[[ Given data open ]]

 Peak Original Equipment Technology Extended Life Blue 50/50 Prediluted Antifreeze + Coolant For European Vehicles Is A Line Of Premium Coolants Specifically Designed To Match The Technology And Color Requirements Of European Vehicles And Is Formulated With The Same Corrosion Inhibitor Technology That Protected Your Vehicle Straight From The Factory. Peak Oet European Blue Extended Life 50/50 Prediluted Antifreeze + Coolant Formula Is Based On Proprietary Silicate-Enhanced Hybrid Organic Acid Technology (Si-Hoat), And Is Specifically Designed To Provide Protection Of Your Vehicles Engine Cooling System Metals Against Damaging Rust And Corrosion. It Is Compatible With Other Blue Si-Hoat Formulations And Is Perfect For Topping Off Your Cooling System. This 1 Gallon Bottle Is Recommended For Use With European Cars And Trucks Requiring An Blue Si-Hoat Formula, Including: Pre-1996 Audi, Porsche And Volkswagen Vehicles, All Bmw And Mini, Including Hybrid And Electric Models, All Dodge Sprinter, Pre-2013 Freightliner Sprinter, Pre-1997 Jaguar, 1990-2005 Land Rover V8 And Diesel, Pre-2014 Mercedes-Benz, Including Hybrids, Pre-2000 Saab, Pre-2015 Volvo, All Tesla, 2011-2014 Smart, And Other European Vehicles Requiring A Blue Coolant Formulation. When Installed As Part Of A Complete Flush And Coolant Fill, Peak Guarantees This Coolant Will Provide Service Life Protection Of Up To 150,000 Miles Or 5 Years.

[[ Given data closed ]]
[[ Given data open ]]

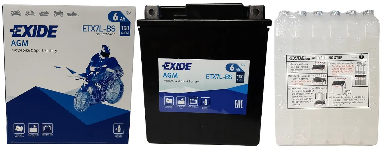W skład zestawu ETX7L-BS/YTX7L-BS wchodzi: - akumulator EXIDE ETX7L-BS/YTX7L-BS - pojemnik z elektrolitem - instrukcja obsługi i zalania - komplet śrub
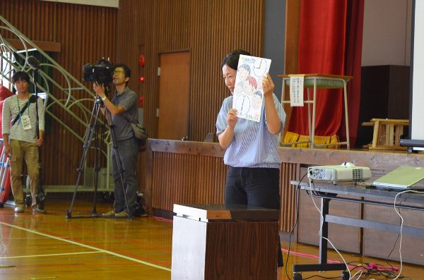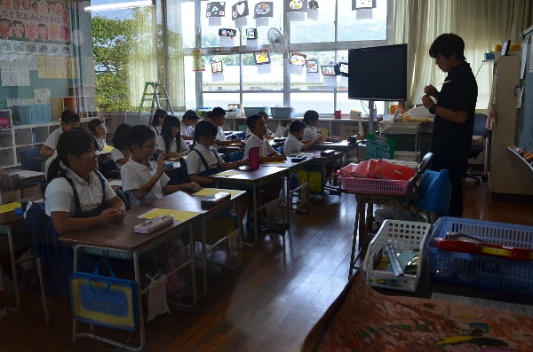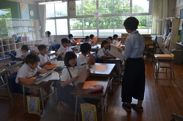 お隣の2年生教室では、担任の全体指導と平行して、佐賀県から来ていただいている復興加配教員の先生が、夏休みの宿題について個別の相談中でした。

[[ Given data closed ]]

Exercise brief | The copy should hold only the lines from the one with "W skład zestawu" through the one with "お隣の2年生教室では、担任の", exactly as they stand above. Leave out the pictures.

Response for this exercise |
W skład zestawu ETX7L-BS/YTX7L-BS wchodzi: - akumulator EXIDE ETX7L-BS/YTX7L-BS - pojemnik z elektrolitem - instrukcja obsługi i zalania - komplet śrub
 お隣の2年生教室では、担任の全体指導と平行して、佐賀県から来ていただいている復興加配教員の先生が、夏休みの宿題について個別の相談中でした。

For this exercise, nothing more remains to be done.